ABOUT THIS EXERCISE - From the line containing "Stunning home located" to the last line of the data below, copy everything exactly and nothing else; pictures stay out.

DATA EXTRACT -
*** Block opens ***
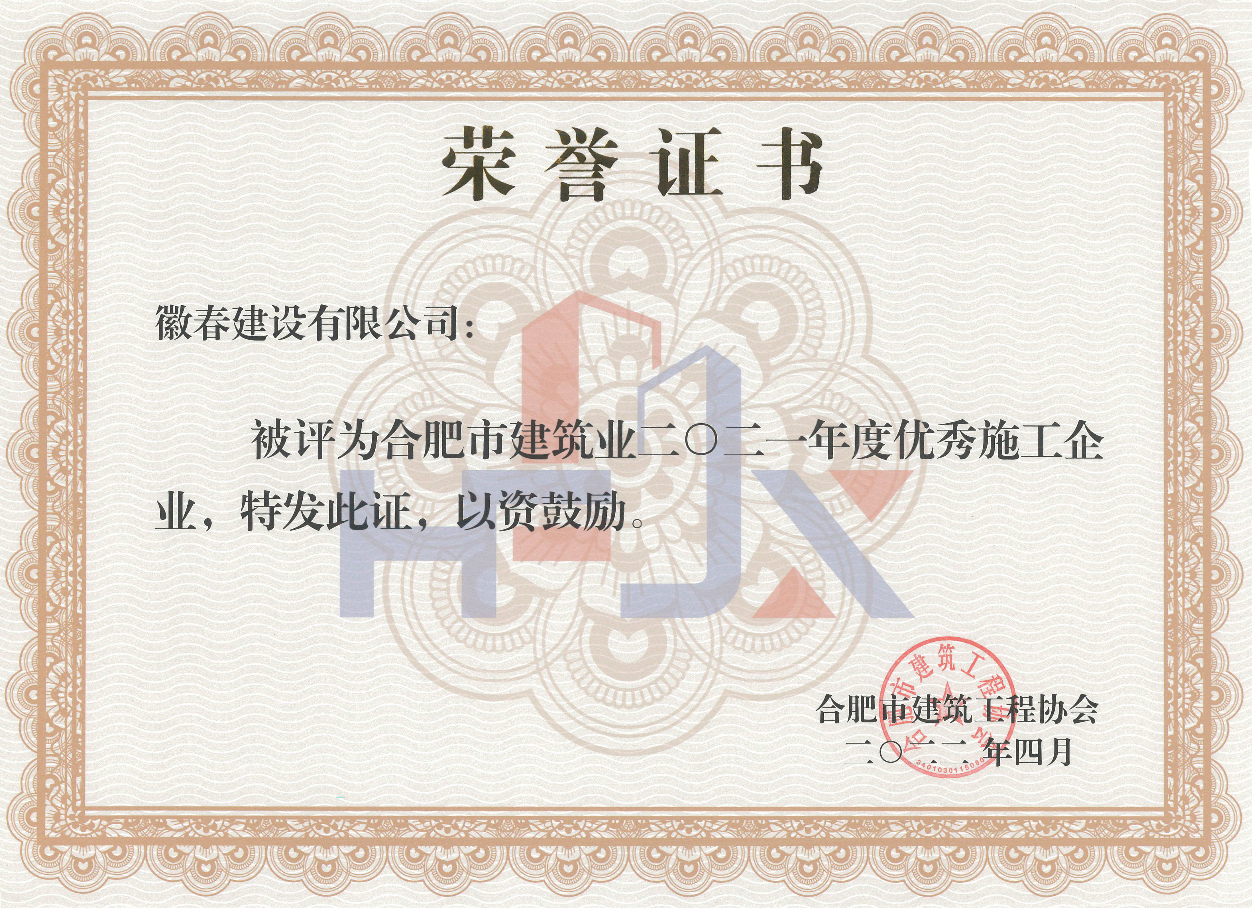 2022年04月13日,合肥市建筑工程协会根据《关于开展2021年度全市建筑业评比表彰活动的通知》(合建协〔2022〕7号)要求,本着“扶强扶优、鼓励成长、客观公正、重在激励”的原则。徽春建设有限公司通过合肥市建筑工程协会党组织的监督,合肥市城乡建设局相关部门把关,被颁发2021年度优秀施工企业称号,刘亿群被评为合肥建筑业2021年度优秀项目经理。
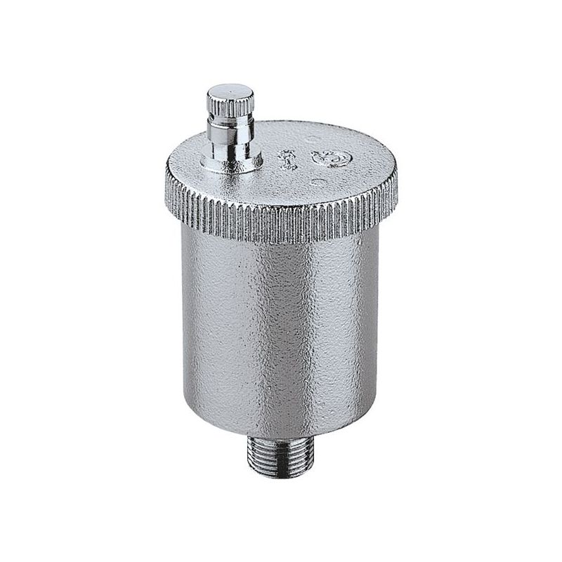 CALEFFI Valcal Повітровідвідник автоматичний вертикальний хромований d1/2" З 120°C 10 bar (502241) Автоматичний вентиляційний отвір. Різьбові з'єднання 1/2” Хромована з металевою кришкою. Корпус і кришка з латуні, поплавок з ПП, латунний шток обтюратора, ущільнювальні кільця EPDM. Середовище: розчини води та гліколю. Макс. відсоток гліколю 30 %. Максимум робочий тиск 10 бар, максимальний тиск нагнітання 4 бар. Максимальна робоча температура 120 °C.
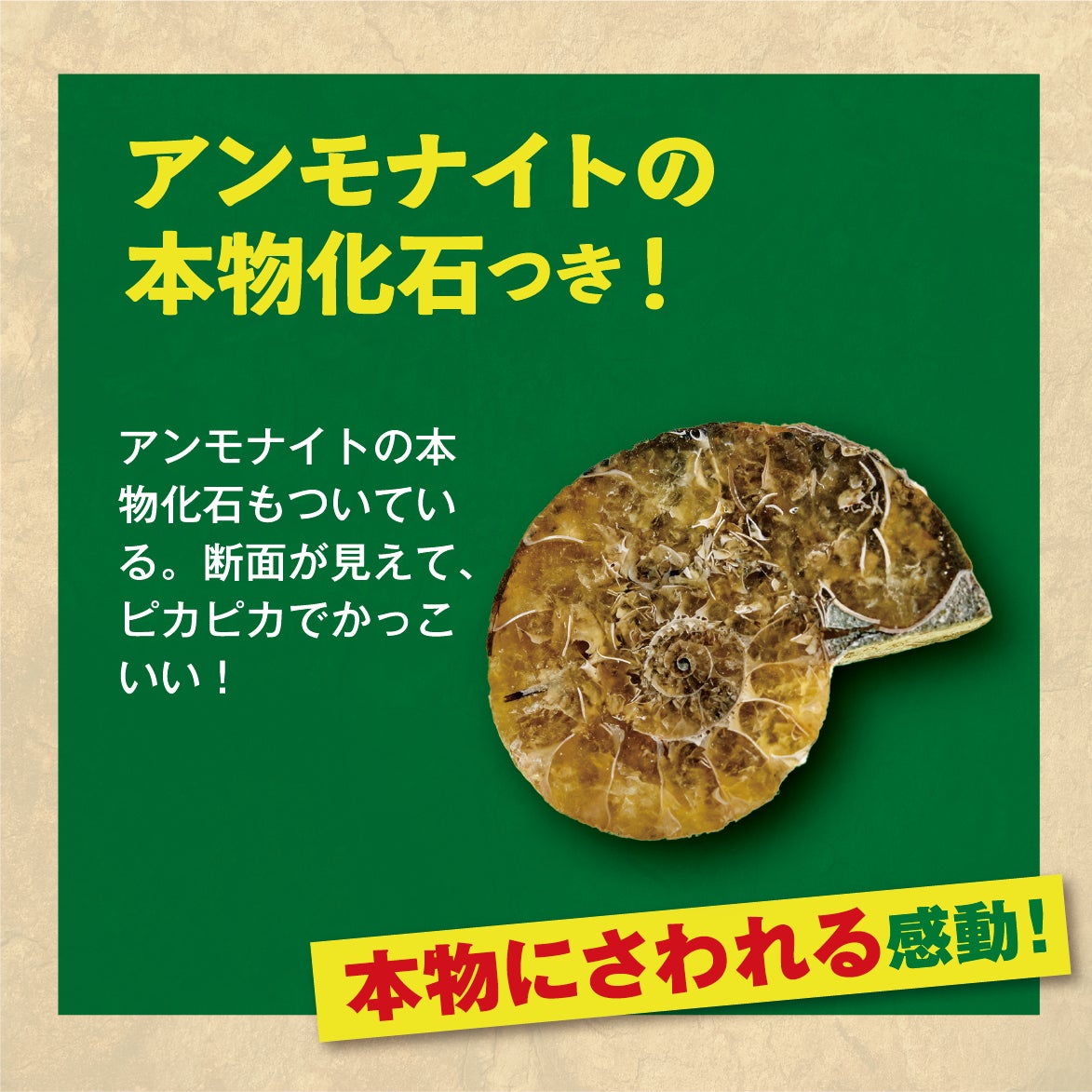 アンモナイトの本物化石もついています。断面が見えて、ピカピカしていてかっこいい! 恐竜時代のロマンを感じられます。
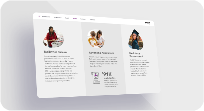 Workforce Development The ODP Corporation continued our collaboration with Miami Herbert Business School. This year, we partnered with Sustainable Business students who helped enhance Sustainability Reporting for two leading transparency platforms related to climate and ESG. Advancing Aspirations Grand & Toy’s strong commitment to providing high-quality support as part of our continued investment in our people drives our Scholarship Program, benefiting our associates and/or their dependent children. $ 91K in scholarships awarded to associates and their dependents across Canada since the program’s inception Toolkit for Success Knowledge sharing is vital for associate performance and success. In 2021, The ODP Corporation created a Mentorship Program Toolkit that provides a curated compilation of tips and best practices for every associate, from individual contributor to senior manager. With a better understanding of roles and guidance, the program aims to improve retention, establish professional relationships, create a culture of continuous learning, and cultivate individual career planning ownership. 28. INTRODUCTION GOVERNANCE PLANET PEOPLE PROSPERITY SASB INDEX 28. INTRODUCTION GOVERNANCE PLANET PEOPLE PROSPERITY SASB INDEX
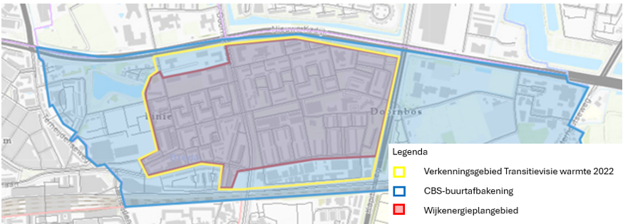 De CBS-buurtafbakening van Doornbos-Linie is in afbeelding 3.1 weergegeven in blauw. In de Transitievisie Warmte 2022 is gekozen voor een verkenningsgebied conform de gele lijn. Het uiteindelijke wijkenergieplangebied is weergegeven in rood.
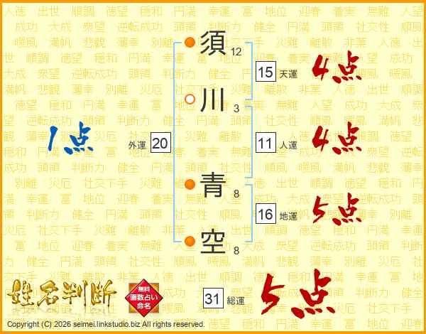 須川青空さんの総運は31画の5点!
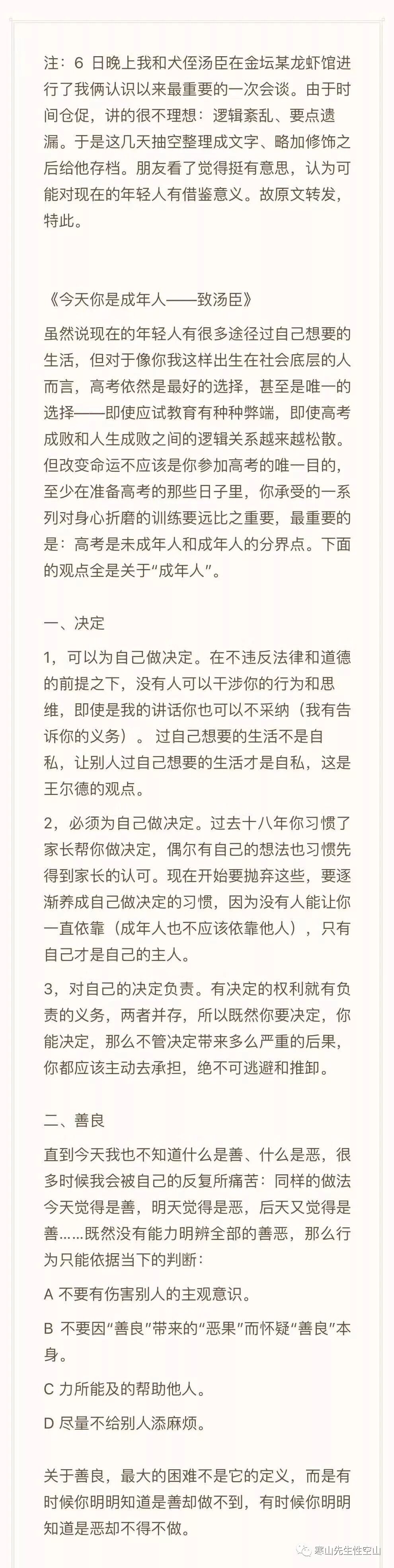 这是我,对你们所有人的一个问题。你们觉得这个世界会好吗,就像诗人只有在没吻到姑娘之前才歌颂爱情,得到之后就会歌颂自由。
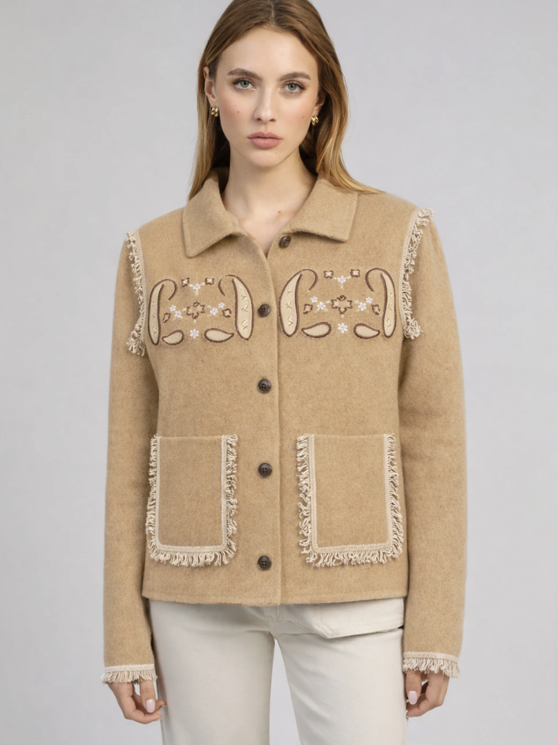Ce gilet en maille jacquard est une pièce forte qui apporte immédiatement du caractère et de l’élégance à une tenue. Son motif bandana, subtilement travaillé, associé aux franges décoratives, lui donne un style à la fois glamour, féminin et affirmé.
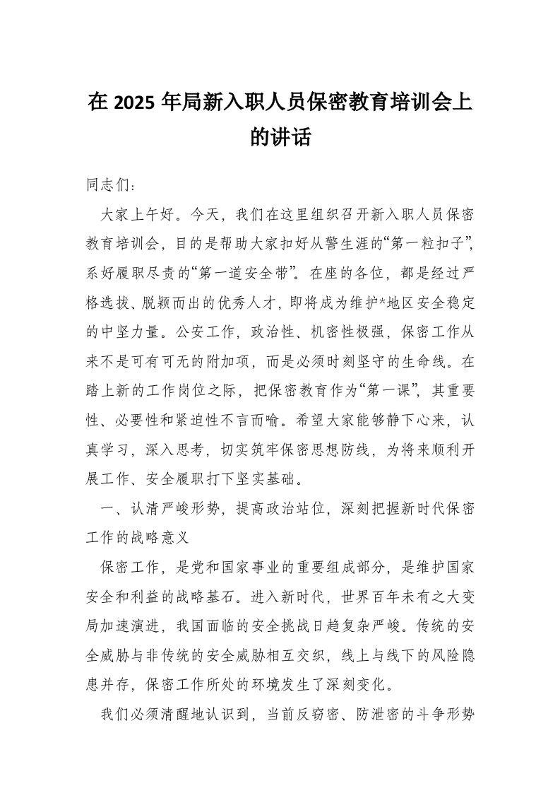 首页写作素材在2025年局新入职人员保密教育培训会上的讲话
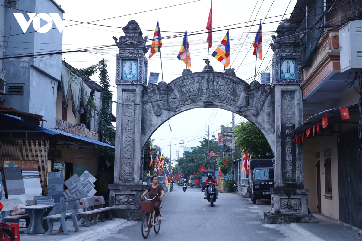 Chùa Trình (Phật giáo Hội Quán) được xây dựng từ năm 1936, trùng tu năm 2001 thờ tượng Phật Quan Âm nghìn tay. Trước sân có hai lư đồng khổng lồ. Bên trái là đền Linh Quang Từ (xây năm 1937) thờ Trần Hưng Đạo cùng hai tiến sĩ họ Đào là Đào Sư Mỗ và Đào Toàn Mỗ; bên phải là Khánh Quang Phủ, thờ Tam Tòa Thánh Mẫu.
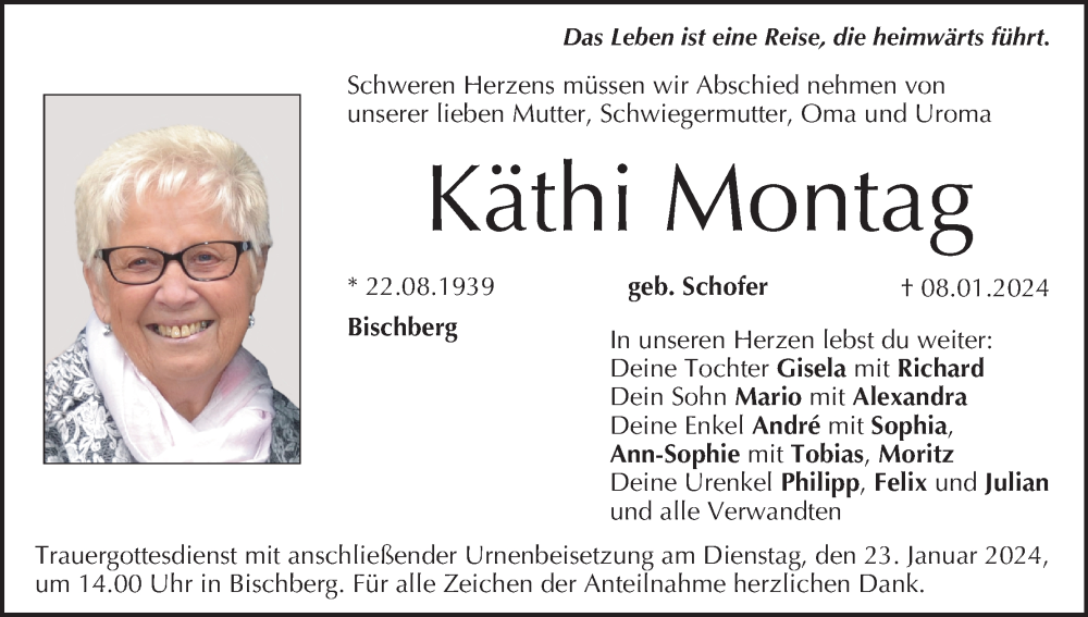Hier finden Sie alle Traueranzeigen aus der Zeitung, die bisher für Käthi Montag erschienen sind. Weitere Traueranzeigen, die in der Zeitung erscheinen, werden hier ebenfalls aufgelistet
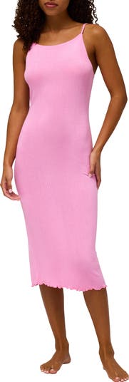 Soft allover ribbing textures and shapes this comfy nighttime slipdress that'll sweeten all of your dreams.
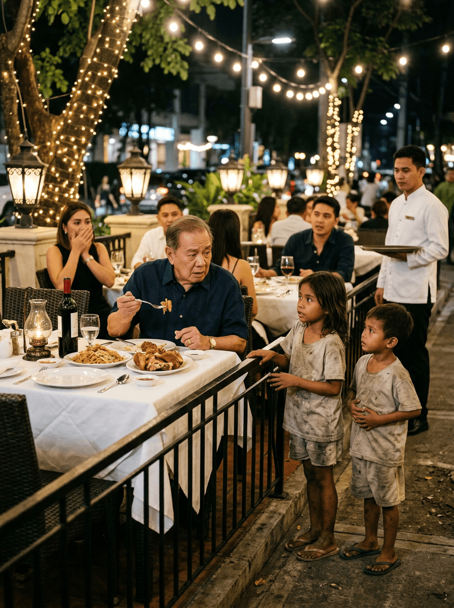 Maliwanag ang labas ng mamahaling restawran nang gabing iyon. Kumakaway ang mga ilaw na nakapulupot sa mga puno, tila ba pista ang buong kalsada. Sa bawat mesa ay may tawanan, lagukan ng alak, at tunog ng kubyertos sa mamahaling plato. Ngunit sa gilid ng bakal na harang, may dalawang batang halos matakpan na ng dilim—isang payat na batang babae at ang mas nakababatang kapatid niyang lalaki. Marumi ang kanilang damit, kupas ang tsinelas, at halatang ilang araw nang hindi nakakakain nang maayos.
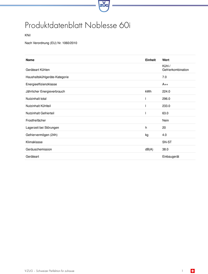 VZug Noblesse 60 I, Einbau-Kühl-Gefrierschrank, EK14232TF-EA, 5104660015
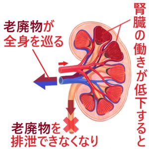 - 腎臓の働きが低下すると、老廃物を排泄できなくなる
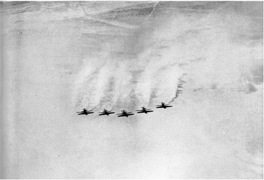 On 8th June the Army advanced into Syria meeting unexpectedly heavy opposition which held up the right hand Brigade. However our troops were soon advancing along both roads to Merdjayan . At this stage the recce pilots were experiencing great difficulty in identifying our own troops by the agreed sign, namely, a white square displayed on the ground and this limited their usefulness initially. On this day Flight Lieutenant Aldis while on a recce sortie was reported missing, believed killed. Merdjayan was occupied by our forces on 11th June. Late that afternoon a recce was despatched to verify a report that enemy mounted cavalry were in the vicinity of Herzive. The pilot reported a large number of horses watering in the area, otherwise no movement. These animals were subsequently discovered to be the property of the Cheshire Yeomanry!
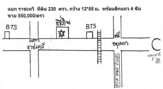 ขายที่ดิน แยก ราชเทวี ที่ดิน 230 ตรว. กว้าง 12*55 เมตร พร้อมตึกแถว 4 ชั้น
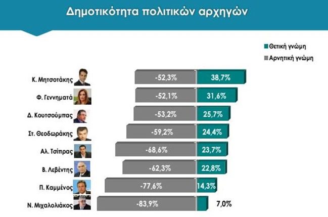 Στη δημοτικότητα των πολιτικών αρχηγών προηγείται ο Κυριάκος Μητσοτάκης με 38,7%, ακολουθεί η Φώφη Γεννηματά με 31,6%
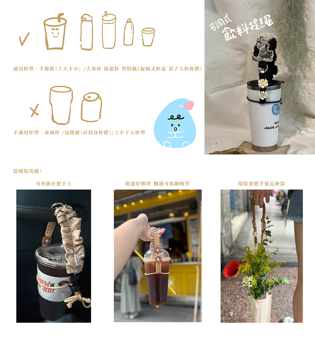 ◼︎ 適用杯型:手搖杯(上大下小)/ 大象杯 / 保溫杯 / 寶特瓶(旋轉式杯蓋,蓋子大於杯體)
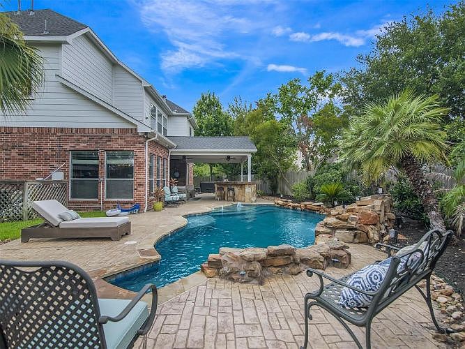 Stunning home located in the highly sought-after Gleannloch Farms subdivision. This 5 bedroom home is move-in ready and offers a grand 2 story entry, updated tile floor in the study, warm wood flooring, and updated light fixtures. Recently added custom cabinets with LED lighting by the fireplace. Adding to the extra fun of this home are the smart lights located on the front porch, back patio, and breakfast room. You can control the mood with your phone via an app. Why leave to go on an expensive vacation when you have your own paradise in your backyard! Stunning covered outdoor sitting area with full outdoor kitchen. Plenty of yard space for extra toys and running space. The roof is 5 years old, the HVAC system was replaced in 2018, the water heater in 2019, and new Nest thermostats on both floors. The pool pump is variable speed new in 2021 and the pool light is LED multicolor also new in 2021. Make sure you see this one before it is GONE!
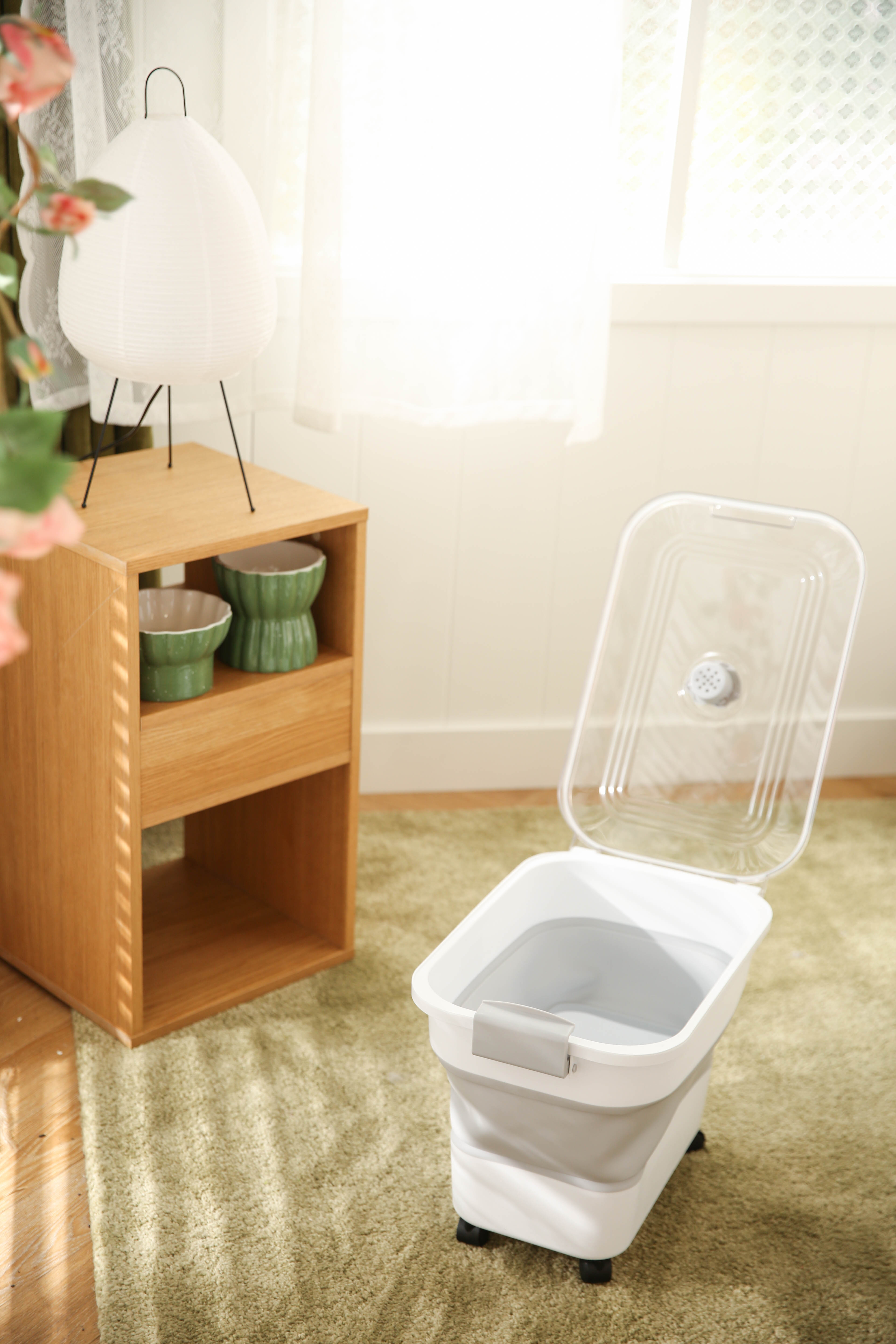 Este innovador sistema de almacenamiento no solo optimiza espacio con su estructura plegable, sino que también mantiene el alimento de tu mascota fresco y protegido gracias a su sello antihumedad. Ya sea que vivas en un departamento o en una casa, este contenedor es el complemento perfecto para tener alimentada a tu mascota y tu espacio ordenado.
*** Block closes ***
SOLUTION TO THIS EXERCISE -
 Stunning home located in the highly sought-after Gleannloch Farms subdivision. This 5 bedroom home is move-in ready and offers a grand 2 story entry, updated tile floor in the study, warm wood flooring, and updated light fixtures. Recently added custom cabinets with LED lighting by the fireplace. Adding to the extra fun of this home are the smart lights located on the front porch, back patio, and breakfast room. You can control the mood with your phone via an app. Why leave to go on an expensive vacation when you have your own paradise in your backyard! Stunning covered outdoor sitting area with full outdoor kitchen. Plenty of yard space for extra toys and running space. The roof is 5 years old, the HVAC system was replaced in 2018, the water heater in 2019, and new Nest thermostats on both floors. The pool pump is variable speed new in 2021 and the pool light is LED multicolor also new in 2021. Make sure you see this one before it is GONE!
 Este innovador sistema de almacenamiento no solo optimiza espacio con su estructura plegable, sino que también mantiene el alimento de tu mascota fresco y protegido gracias a su sello antihumedad. Ya sea que vivas en un departamento o en una casa, este contenedor es el complemento perfecto para tener alimentada a tu mascota y tu espacio ordenado.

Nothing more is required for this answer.